*** DATA SUPPLIED ***

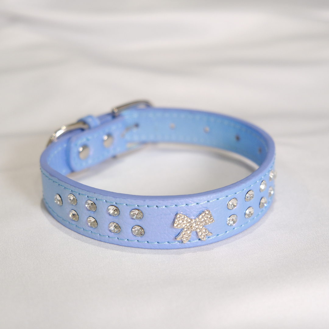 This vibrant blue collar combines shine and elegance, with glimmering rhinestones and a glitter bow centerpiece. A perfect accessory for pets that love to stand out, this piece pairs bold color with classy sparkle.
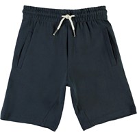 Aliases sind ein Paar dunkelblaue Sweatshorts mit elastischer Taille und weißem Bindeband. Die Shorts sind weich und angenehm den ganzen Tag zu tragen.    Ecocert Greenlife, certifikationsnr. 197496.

*** End of DATA SUPPLIED ***
*** DATA SUPPLIED ***

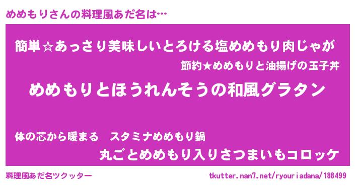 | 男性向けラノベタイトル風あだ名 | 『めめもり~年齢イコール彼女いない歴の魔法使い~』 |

*** End of DATA SUPPLIED ***

Having found the line with "This vibrant blue" and the line with "Aliases sind ein" in the material above, write out exactly those two and every line between, leaving the pictures out.

THE ANSWER:
 This vibrant blue collar combines shine and elegance, with glimmering rhinestones and a glitter bow centerpiece. A perfect accessory for pets that love to stand out, this piece pairs bold color with classy sparkle.
 Aliases sind ein Paar dunkelblaue Sweatshorts mit elastischer Taille und weißem Bindeband. Die Shorts sind weich und angenehm den ganzen Tag zu tragen.    Ecocert Greenlife, certifikationsnr. 197496.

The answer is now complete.